Steve Eighinger

Is this heaven? No, it's Iowa

By Herald-Whig
Posted: Sep. 13, 2018 10:45 am

Movies have long been a fascination of mine, from their stars to their story lines, and even their locations -- which brings us to today's subject matter.

I recently stumbled across an interesting list of the most famous movies filmed in all 50 states. I was genuinely surprised by some of the findings, beginning with Illinois.

In my humble opinion, these are the top films that used Illinois as their principal backdrop, with Chicago as the focal point:

1. "Ferris Bueller's Day Off" (1986): The iconic teen comedy that was written and directed by the legendary John Hughes, remains one of my all-time favorites. Matthew Broderick portrayed the central figure in the box-office smash, but the movie has reached cult status over the years in part because of the strong supporting roles filled by accomplished character actors such as Alan Ruck.
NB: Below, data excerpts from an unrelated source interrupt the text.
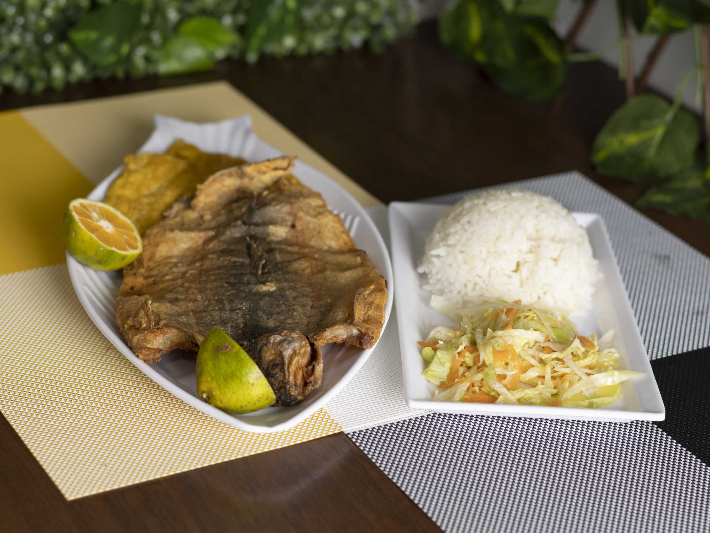 Filete de trucha Ahumada, acompañada de arroz, patacones, ensalada.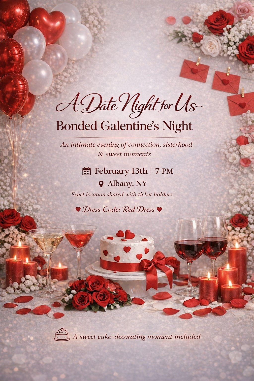 A Date Night for Us – Bonded Galentine’s Night is an intimate Valentine’s experience created for women to come together, connect, and celebrate sisterhood in a beautiful, elegant setting.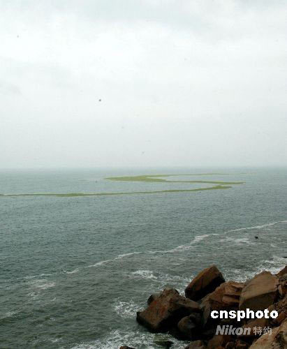 受南方強(qiáng)降雨及氣候變化的影響,近日二00八北京奧運(yùn)會(huì)帆船賽舉辦地青島近海海域涌現(xiàn)大面積海藻并侵入岸邊,青島市海洋漁業(yè)局組織有關(guān)部門及時(shí)進(jìn)行清潔打撈,以保障各國運(yùn)動(dòng)員的訓(xùn)練不受影響。現(xiàn)在每天有四百多艘漁船一千三百余人參與出海打撈,預(yù)計(jì)隨南方降雨量減少及氣候改變,青島海域海藻將消失。中新社發(fā) 曲連遵 攝

Incredibly, Hughes wrote the screenplay in less than a week. Ferris Bueller was a high school slacker who knew how to manipulate the world around him. Filming began in September 1985 and finished in November.

Writer Nick Cannata-Bowman of cheatsheet.com penned, "Featuring many landmarks, including the then Sears Tower and the Art Institute of Chicago, the film was Hughes' love letter to Chicago: I really wanted to capture as much of Chicago as I could. Not just in the architecture and landscape, but the spirit.' "

2. "The Breakfast Club" (1985): Another film by Hughes, which arguably received even higher acclaim -- at least initially -- from critics than "Ferris Bueller." The stars included Emilio Estevez, Anthony Michael Hall, Judd Nelson, Molly Ringwald and Ally Sheedy as teenagers from different high school cliques who had to spend a Saturday in detention with their strict assistant principal portrayed by Paul Gleason.

The movie's popularity was evident in its box-office receipts. The film cost $1 million to make and grossed $51.5 million.

In 2016, the film was selected for preservation in the U.S. National Film Registry by the Library of Congress as being "culturally, historically, or aesthetically significant"

It was hilarious, too.

3. "High Fidelity" (2000): An extremely underrated romantic comedy-drama that starred John Cusack as a record-store owner and featured a superb supporting cast, beginning with an aspiring Jack Black.

º Missouri's biggest claim to fame, in regard to movies made there, probably lies with "Gone Girl." Ben Affleck and Rosamund Pike both drew raves for their performances in the 2014 psychological thriller.

º The choice for the top Iowa-based film is an easy one -- "Field of Dreams," considered by many one of the three best baseball-centered movies ever made. ("A League of Their Own" and "Bull Durham" are the other two.)

"Field of Dreams" (1989) is best remembered, at least for me, by the exchange between Kevin Costner's Ray Kinsella character and the ghost of his father, John Kinsella, played by Dwier Brown:

"Is this heaven?" John Kinsella asks.

"No," Ray Kinsella said. "It's Iowa."